*GIVEN DATA*.
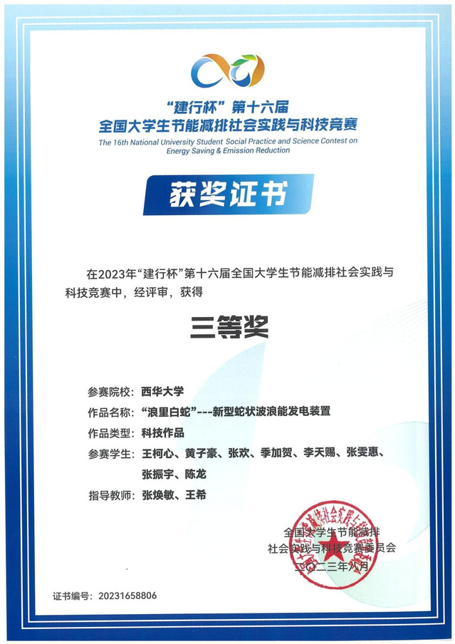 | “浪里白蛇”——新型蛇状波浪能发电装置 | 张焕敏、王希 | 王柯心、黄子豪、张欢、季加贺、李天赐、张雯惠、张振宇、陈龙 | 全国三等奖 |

* * *

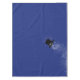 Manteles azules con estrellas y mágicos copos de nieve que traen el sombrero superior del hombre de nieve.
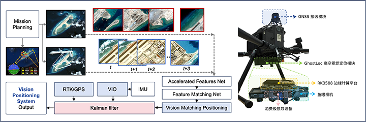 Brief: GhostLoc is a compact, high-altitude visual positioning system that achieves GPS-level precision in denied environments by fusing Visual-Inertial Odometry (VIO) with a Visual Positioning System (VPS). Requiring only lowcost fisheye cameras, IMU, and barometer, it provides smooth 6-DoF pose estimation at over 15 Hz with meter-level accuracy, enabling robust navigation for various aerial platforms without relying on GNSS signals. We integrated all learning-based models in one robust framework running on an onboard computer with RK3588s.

* * *

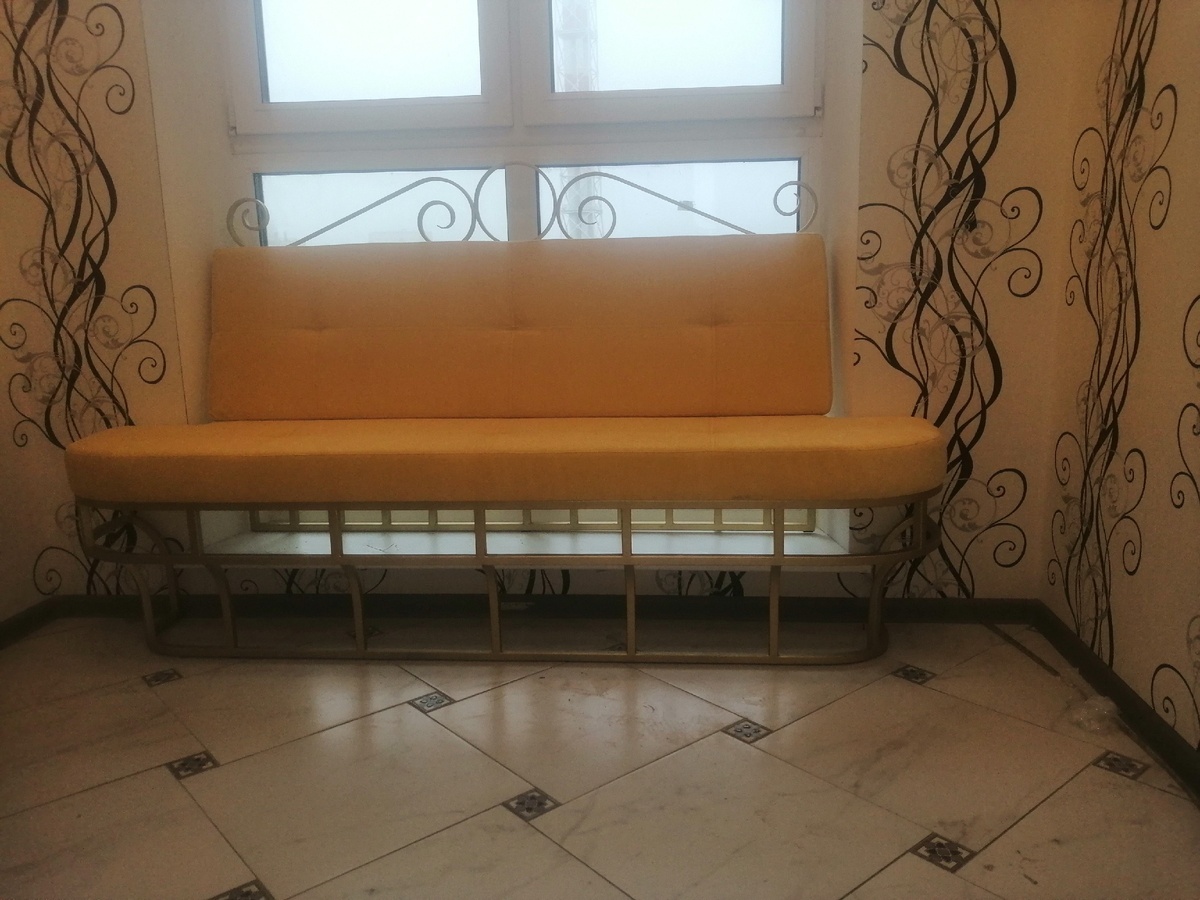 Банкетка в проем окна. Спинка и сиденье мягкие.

*EXERCISE OBJECTIVE*.
In the entries above, every line from the line with "Manteles azules con" to the line with "Brief: GhostLoc is" is to be printed exactly, with both ends included and pictures excluded.

*RESPONSE TO THE EXERCISE*.
 Manteles azules con estrellas y mágicos copos de nieve que traen el sombrero superior del hombre de nieve.
 Brief: GhostLoc is a compact, high-altitude visual positioning system that achieves GPS-level precision in denied environments by fusing Visual-Inertial Odometry (VIO) with a Visual Positioning System (VPS). Requiring only lowcost fisheye cameras, IMU, and barometer, it provides smooth 6-DoF pose estimation at over 15 Hz with meter-level accuracy, enabling robust navigation for various aerial platforms without relying on GNSS signals. We integrated all learning-based models in one robust framework running on an onboard computer with RK3588s.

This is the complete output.